Amen to that. Its the hardest thing to do. You sit there and say "I'll just give it a little more. A little more, ...its gonna reverse"... next thing you know you've lost way more than you ever should have. But what can you do. Those superlong wicks happen on high volatility stocks occasionally. Placing a hard stop is a disaster unless its some grandma stock that doesn't move much. I wish you could somehow caveat a stop order with some kind of volume/time condition.
Imagine no tail, and your stop did get triggered, and after that, it went up 5x the bar length and never came back. You getting the point?

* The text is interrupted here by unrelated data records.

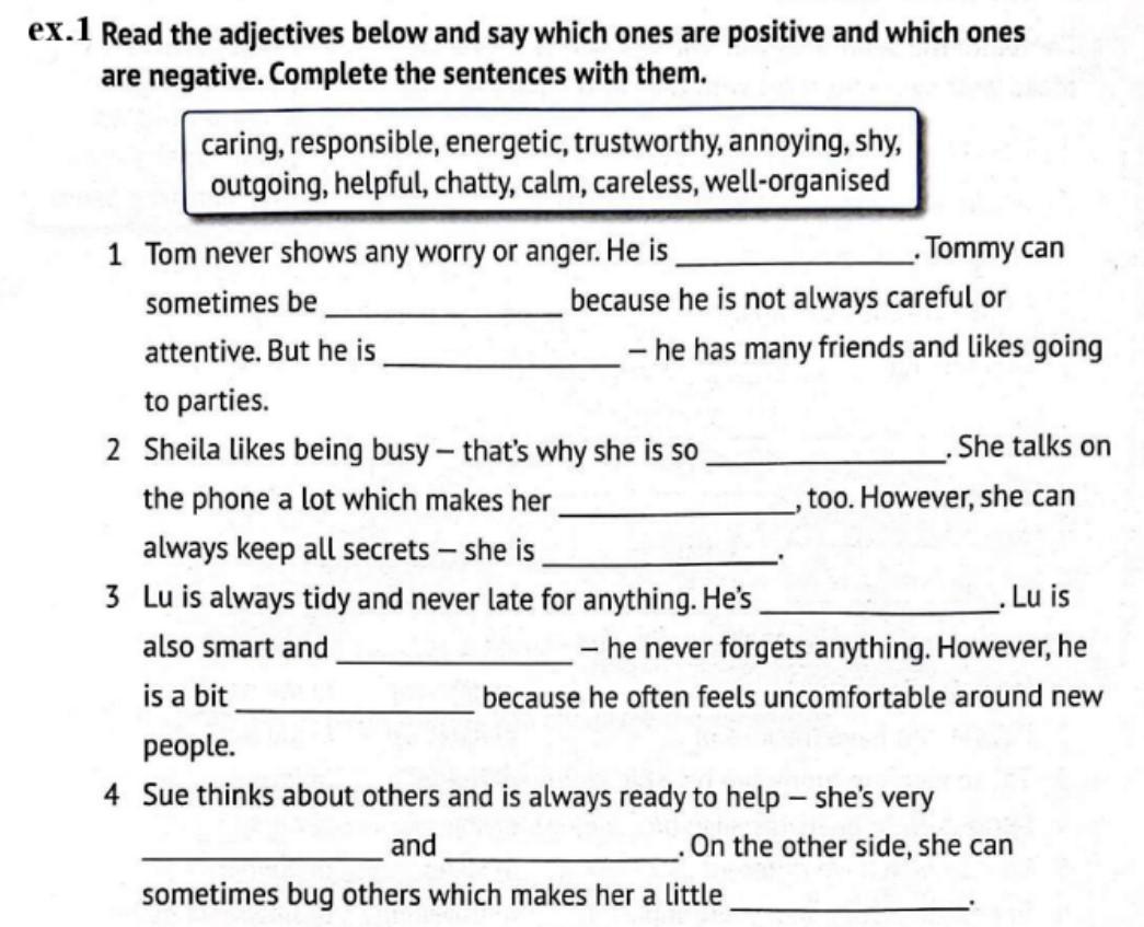 1. Tom never shows any worry or anger. He is sometimes caring. But he is careless. Tommy can be helpful because he is not always careful or responsible - he has many friends and likes going to parties.
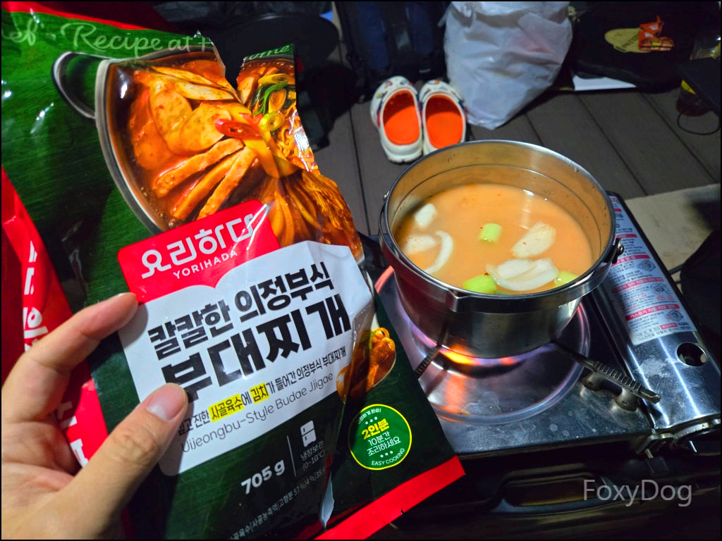 이번에는 날씨가 추운 만큼 국거리부터 먼저 준비했다. 흔한 마트에서 할인 판매 중이던 밀키트 중에서 칼칼한 의정부식 부대찌개를 선택했다. 2인분이라고 해봐야 밀키트에 얼마나 양이 있을까 싶어 큰 기대는 하지 않았는데, 웬걸... 생각보다 구성이 꽤 알찼다. 사골 육수, 양념 소스, 사리면, 치즈, 소시지와 프레스햄, 대파와 양파, 간 마늘, 김치까지 재료가 다양하게 들어 있었고, 물 500ml를 붓고 모든 재료를 한 번에 넣으니 양이 꽤 많아 놀랐다. 만원도 안 하는 가격에 이 정도면 가성비가 아주 좋은 밀키트라 충분히 추천할 만하다. 칼칼하고 매운 걸 좋아하는 형님도 기대를 하셨고, 진한 사골 육수를 우려내기 위해 약 10분 정도 끓여줬다.
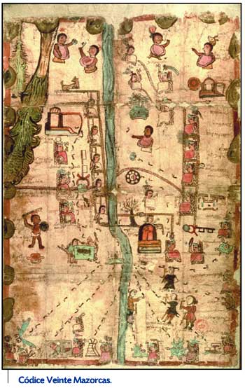 De Veinte Mazorcas parten y regresan huellas, al igual que en otras partes del documento, indicando movimiento de personas de un lugar a otro o representando sus caminosUn poco más abajo están representados una serie de personajes unidos por una cuerda atada a la mano derecha. Se trata de cautivos que tienen una banderita en la cabeza indicando con este numeral que se trata de veinte cautivos. Este glifo es un elemento diagnóstico en los códices mixtecos para representar a los que iban a ser sacrificados.(1)
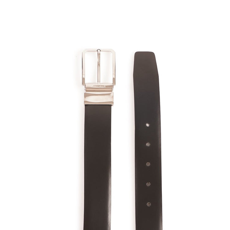 Zwarte herenriem van Santoni. De riem is gemaakt van leer met een contrasterende leren achterkant met de kenmerkende oranje tint van Santoni. De riem is draagbaar aan 2 kanten.
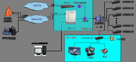 對于CATV業(yè)務(wù)來說,可采用烽火通信一纖三波WDM方式來承載。在單纖方案中,AN5116利用1550nm波長透明承載CATV業(yè)務(wù),具體的信號格式可以是CATV,也可以是DTV/HDTV等。當(dāng)廣電部門提供的視頻信號源為數(shù)字信號時,只需在模擬TV接入方案的基礎(chǔ)上在每個用戶家中再安裝一個機(jī)頂盒或直接將家庭ONU更換為具有光電轉(zhuǎn)換和編解碼功能的機(jī)頂盒,用于將接收到的數(shù)字信號進(jìn)行解碼,還原為普通電視機(jī)可以識別的信號。
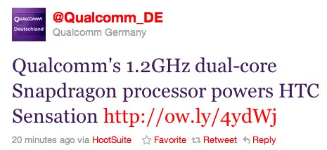 Im Inneren arbeitet ein 1,2GHz Dual-Core Qualcomm Snapdragon Prozessor wie Qualcomm auf seiner offiziellen deutschen Twitterseite bekanntgegeben hat und intern sind 4GB verbaut, die durch eine mitgelieferte 8GB Speicherkarte noch erweitert werden. Natürlich kann sich Vodafone da auch geirrt haben und wir glauben diese Daten erst wenn sie HTC offiziell bekannt gibt.
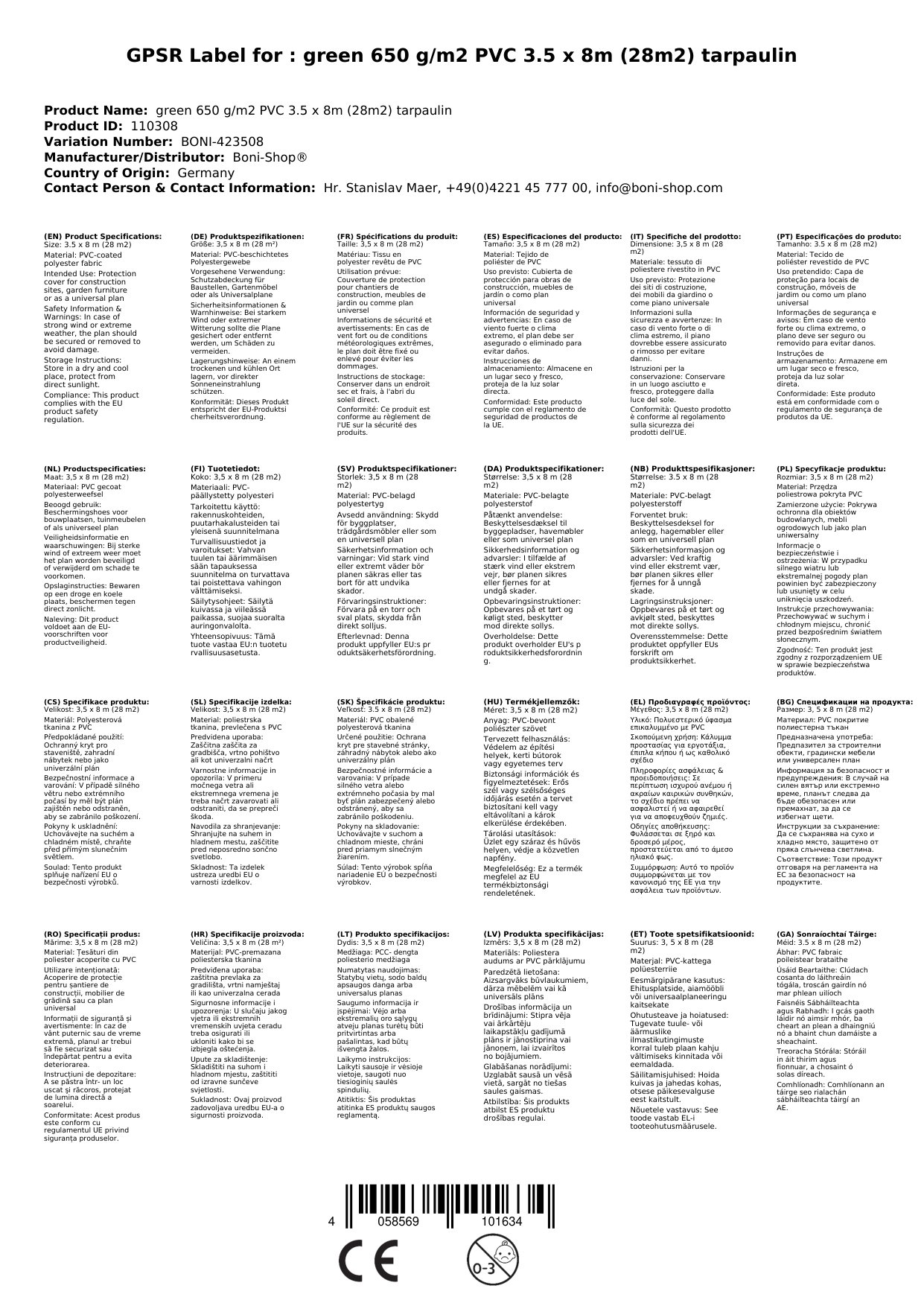 Cuir ceist chun níos mó a fhoghlaim faoin táirgeClúdach PVC, tarpaulin uiscedhíonach, 650g, 3,5 x 8m (28m²), clúdach gairdín, tarpaulin glas, uile-aimsire
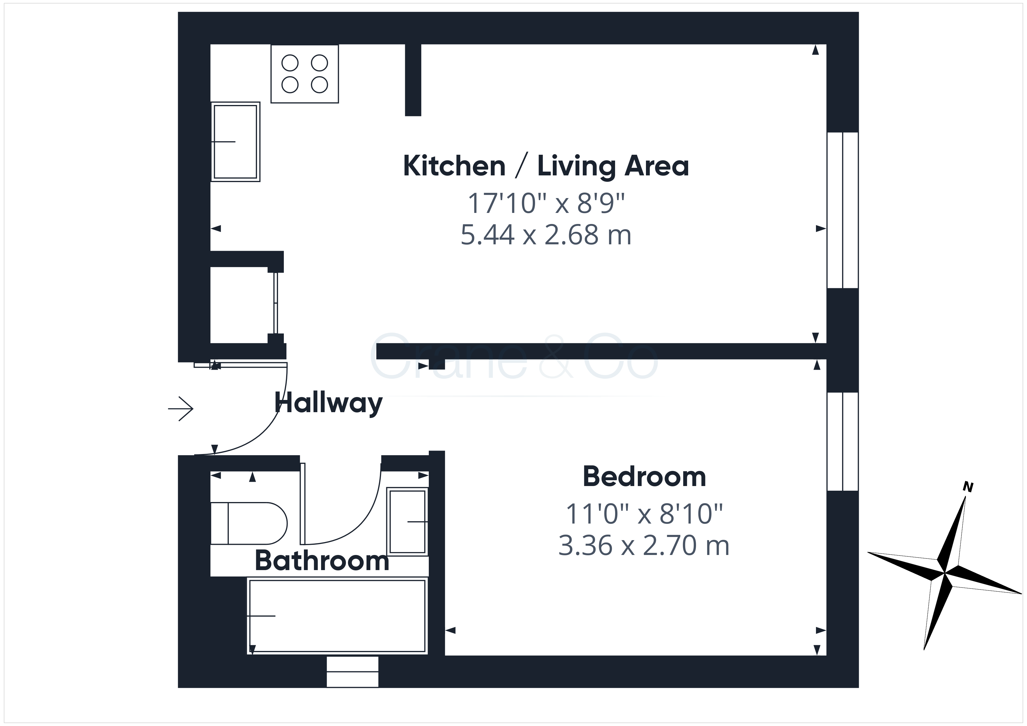 - Kitchen/Living Area - 17' 10" x 8' 9" : (17' 10" x 8' 9" (5.44m x 2.67m) )
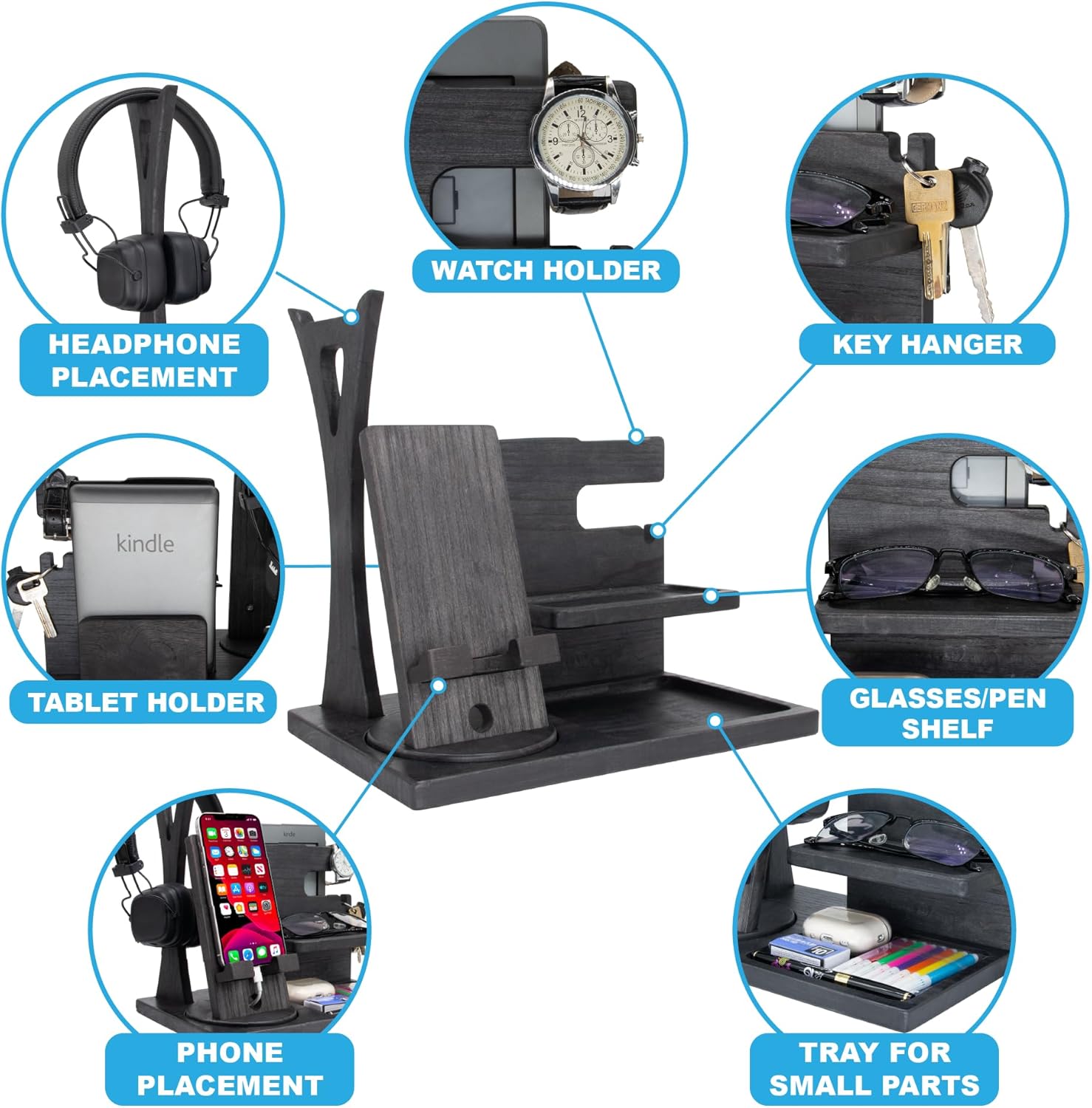 Smart Desk Organization & Multifunctional Docking Station: This nightstand organizer will become an eye-catching and very practical accessory on your desk. It is a place for everything that is the same as an exclusive house for your personal belongings like a mobile phone charging station, tablet holder, key holder, books organizer, wallet stand, watch organizer, glasses station, and more. It helps you find them easily, save your time and space, and make your workspace more efficient!
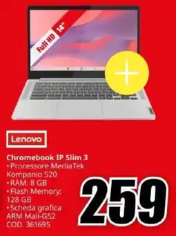| LENOVO Chromebook IP Slim 3 | MediaWorld | €249,00 | 03 settembre 2025 | 14 settembre 2025 | |||
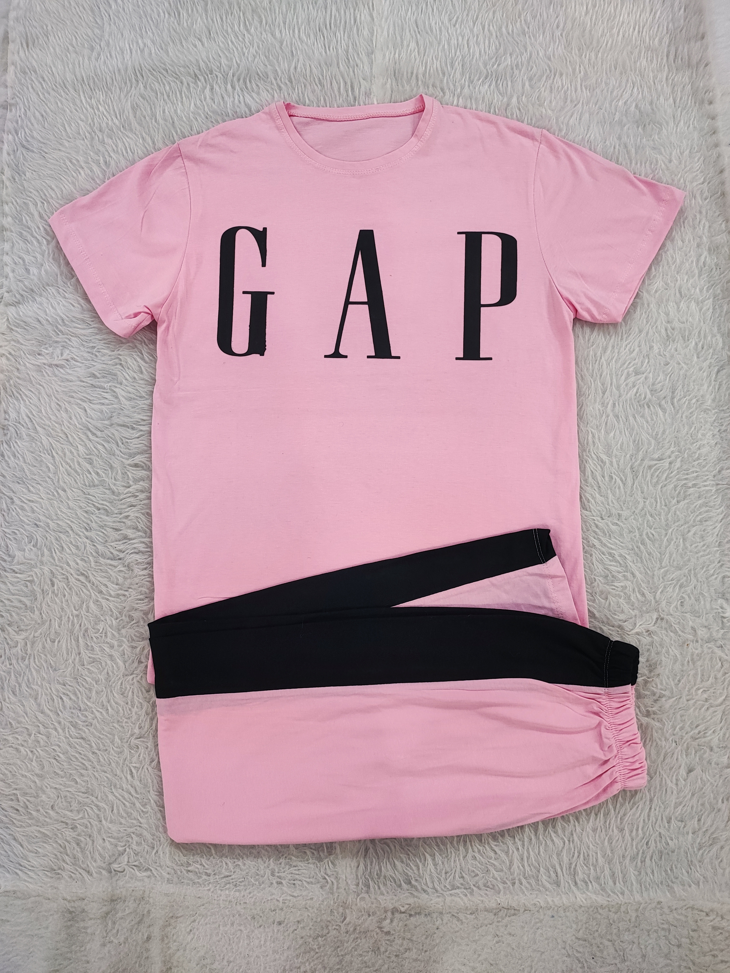 ست تیشرت شلوار بگ مدل گپ فری تا سایز ۴۴ جنس پنبه لاکرا ۱۰۰% تضمینی با قد بلوز ۷۰ و قد شلوار ۱۰۵ سانت
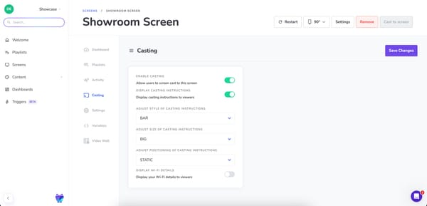 - Auditability. Shared screens should be “borrowable” for a defined window of time, then automatically return to their scheduled content. You should always be able to access clear records of who cast what content, and to which screen.
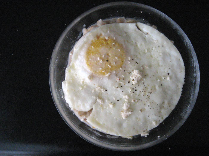 Okay, hang with me here, I know it sounds weird, but if a savory scone or pancake can be good, so can savory oatmeal. I prepare the oatmeal plain, in the microwave, while I fry an egg on the stove. I use a circular cookie cutter to keep it round. When the oatmeal is cooked I mix in some walnuts and the tomato basil feta, then top with the egg and a little more feta, salt and pepper.
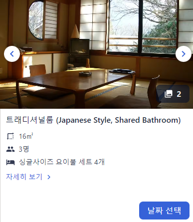내가 묵었던 방은 2층에 위치해 있으며 계단이 있고 엘리베이터는 없다. 짐은 직원분께서 올려다 주신다. 방이 정말 깔끔했다. 단점이라면 날씨가 추울 때는 히터를 켜야 하는데 그러면 너무 건조해져서 껐다 켰다를 반복했다는 점 정도. 저녁식사 시간은 예약하면 그 시간에 1층에 위치하는 식당(?)으로 가면 된다. 정갈하고 양도 푸짐해서 정말 맛있게 처음부터 끝까지 먹을 수 있었다. 식사 이후에는 숙소에 이부자리를 깔아 놓아 주셨다.
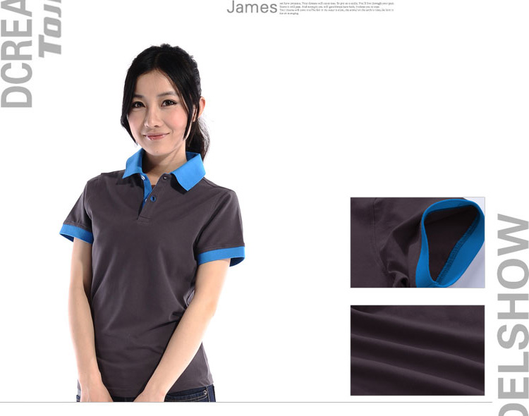 花灰色衣領(lǐng)袖口撞色,翻領(lǐng)短袖T恤衫,時尚款式定制,精梭純棉品質(zhì)
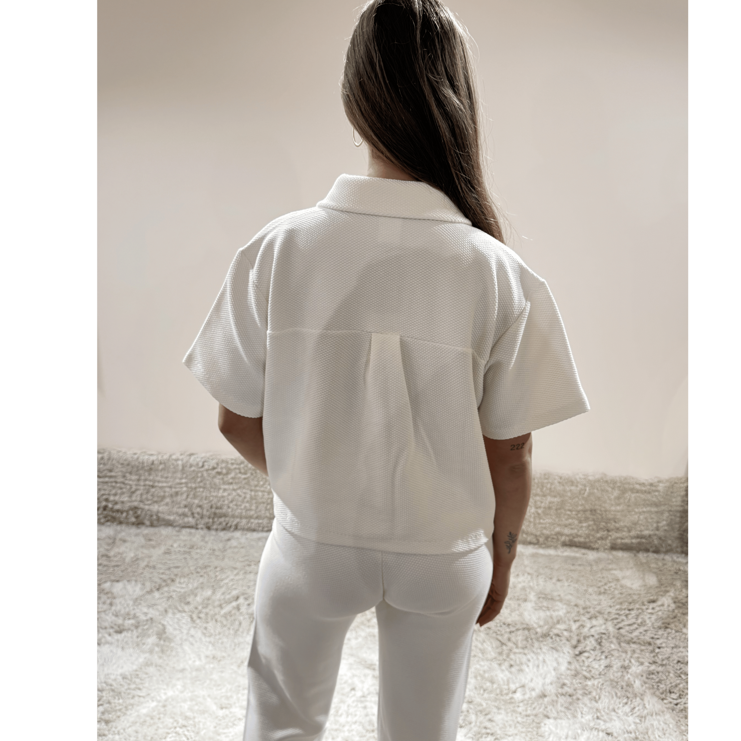 Deze blouse, uitgevoerd in een off white kleur, is gemaakt van 70% katoen. Hij heeft korte mouwtjes en sluit met knoopsluiting. Op de voorkant zitten twee grote zakken. De blouse valt tot aan de heup en de mouwen vallen wijd. Opvallend is het geribbelde patroontje wat de blouse heeft. Draag hem dicht als blouse of open als binnenjas.
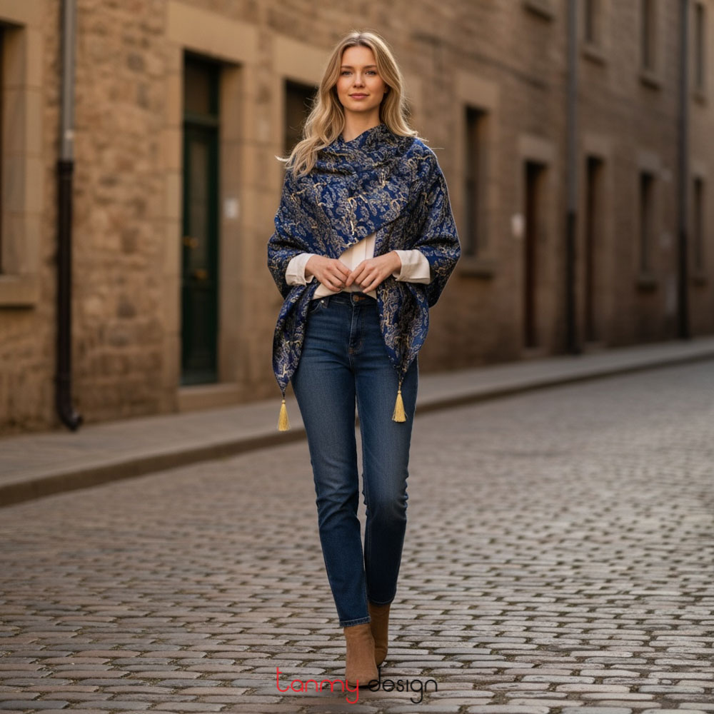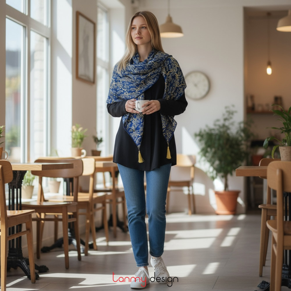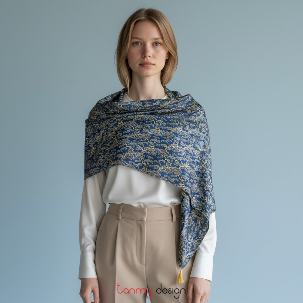 Silk scarf TIMESQUARE - PEARLWOOD INDIGO 90*100cm
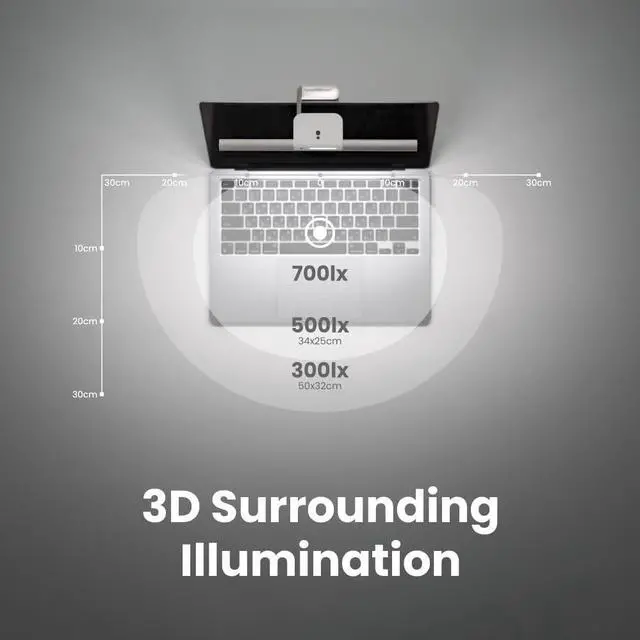 IMMERSIVE 3D SURROUNDING ILLUMINATION LaptopBar's 3D illumination, crafted from 20 million simulations, ensures ideal laptop lighting, minimizing contrast for a comfortable workspace.

%% Good thing about swing/position trading; it [hard stop]could still be a profitable trade, seldom scalp- swing trade. I dont have any idea if daytraders should use them. Another good thing about mental stops which i mostly use; any computer , super computer, ALGO was programmed by a human brain, LOL. That chart is a good reason to use mental stops; which i write down, so i dont forget. By the way if that was a monthly chart i want out that bull spit top tail candle, since you said short....LOL. If it was a 3 minute candle, good reason to use mental stops
I've always wanted an order that is suspended for the first and last 20 minutes when I swing trade. I try to use hard stops when I can, but they do a very poor job with options, especially if it's presented to the market (as opposed to hidden stop or continent order). Furthermore, I base my stop on the underlying price and the value of the option at that price at expiration. So my stop drifts a bit with volatility and time decay. It was only this week I sent a profanity laden pm about a long option blowing past my stop while I was in someone's office. But turn that around to today and I would have been stopped out of PM for a nasty loss instead of a really nice gain. I tend to do this with contingent orders on the bid or ask rather than last, on the opposite side of the market (I.e. a stop on a long position is if ask < X). This keeps market makers from widening the spread on me, and keeps anyone from seeing the order in the books until it's ready to fire. That also makes sure the stop occurs outside the price action. When I use mental stops with options, I do the same but it's much more tedious. My first algo will be an option stop calculator that does that for me
I can manually stop myself out. Your premise is, if I'm reading you right, assumes one is not actually watching the stock on a screen. In that case you are correct. But... see this candlestick on FB from a few minutes ago? That would have triggered a programmed stop... and for no reason. Thats why they are not good to use unless you are away from your screens.
here is the issue I ran into with Mental stops.... So, the asset would come down or up to my stop..and my brain than said "give it a chance" OR " "give it room to breath" or whatever...then you know what happened... the loss got worse and worse. Without real , live , stop loss sell/buy order in the trading system, it is just too easy to stay in when I should be out. just my experience
Ok, so where would you manually have exited if it didn't revert and kept going up? These aren't decisions you want to be making in a fast runaway market.
He's looking at a print that was off exchange or a misprint...two consecutive ticks mirrored in the BxA and it's a clear move. That's why I use the bid or ask for my stops (usually...today I messed up a really good trade using a normal stop). That's actually exactly the case for using a stop outside the exchange.